According to an article by Lupia R (2003), this genus was: "the largest known
Cretaceous mammal", (p.21). That doesn't seem to be correct, but it indicates this was
at least a relatively large representative for the time. I've seem a weight estimate of
750g which probably relates to Jugulator, though that wasn't clear and nor was the
basis for it. If correct, it would've been approximately
hedgehog-heavy,
but presumably more cuddly (when in a good mood).
Another unnamed species has been reported. Coincidentally, Jugulator is also the title of a
record by Judas Priest. |
| Reference: | Cifelli & Madsen (1998), Triconodont mammals from the medial
Cretaceous of Utah. Journal of Vertebrate Paleontology, 18, p.403-411. |
| Genus: Liaocondon Meng J,
Wang Y & Li C, 2011
'Liaoning cuspate tooth'
Remarks: The Jehol Group strikes again!
A couple of years ago, Liaoning's fossil fields decided
to move into the triconodontid business with a couple of species of
Meiconodon, Asia's first tricondontids from the Shahai and Fuxin Formation. The
older Jiufotang Formation (which overlies the famous Yixian Formation) thought about the
possibility of joining in but, naturally enough, it wanted to deliver something more
spectacular.
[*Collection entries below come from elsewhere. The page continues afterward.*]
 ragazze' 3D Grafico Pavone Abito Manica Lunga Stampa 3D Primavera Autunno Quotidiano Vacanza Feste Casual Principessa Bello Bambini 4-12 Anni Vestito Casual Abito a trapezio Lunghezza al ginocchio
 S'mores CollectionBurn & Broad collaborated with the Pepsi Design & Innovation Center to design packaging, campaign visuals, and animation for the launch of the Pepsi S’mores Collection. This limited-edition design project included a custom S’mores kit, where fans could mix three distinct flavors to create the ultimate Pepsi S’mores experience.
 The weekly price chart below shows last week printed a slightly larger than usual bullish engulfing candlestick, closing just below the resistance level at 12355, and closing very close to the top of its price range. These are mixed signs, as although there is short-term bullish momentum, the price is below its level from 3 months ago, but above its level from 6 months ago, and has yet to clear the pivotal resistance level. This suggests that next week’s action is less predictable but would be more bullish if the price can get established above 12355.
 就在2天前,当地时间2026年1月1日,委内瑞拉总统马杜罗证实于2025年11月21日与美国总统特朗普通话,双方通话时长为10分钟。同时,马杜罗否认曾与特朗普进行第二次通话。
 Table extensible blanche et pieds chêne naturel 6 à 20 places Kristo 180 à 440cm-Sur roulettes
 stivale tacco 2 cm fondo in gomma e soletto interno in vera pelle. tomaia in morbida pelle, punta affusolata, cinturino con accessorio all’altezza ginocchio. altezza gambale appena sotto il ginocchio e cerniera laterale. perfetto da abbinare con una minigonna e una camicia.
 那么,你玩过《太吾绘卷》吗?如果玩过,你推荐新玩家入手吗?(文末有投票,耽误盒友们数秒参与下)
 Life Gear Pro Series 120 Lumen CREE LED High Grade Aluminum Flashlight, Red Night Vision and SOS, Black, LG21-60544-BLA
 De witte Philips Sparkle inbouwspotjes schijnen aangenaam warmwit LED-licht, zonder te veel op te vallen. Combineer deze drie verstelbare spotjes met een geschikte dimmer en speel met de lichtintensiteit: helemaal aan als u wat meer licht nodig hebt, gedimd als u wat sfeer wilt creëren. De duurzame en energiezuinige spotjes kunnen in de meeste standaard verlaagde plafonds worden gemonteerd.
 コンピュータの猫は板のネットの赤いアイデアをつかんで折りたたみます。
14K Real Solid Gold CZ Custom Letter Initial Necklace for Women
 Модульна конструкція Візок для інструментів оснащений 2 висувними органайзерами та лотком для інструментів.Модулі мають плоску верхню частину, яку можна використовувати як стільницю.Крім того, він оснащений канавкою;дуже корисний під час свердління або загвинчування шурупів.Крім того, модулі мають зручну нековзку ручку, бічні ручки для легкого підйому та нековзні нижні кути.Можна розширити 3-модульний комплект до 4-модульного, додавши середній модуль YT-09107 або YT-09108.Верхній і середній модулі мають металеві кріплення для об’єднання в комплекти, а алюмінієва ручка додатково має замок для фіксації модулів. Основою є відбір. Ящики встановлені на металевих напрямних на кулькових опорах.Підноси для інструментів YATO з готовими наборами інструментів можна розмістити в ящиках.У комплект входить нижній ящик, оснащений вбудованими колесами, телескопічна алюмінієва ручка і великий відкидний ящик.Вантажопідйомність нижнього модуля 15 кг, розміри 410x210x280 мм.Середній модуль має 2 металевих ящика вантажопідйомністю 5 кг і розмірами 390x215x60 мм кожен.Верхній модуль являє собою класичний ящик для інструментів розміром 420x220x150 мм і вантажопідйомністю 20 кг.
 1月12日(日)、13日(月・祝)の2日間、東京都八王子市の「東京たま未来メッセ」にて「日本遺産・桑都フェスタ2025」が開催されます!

And, naturally enough, it now has.
Odd scraps of jaw and isolated teeth may seem enough for some places, but the Jiufotang
fauna opted for a complete skeleton of a massive (for the time of Earth) 35cm long killer,
with something like 15 or so cm of that being the compete tail. Apparently, it even
succeeds in preserving the incus and
malleus hearing ossicles incorporated into the middle ear
but, via an ossified Meckelian cartilage,
retaining an indirect contact with the lower jaw. The cartilage seems to be aiding the
stability of the ear drum.
According to my notes, this is the first mammal described from the Jiufotang Formation.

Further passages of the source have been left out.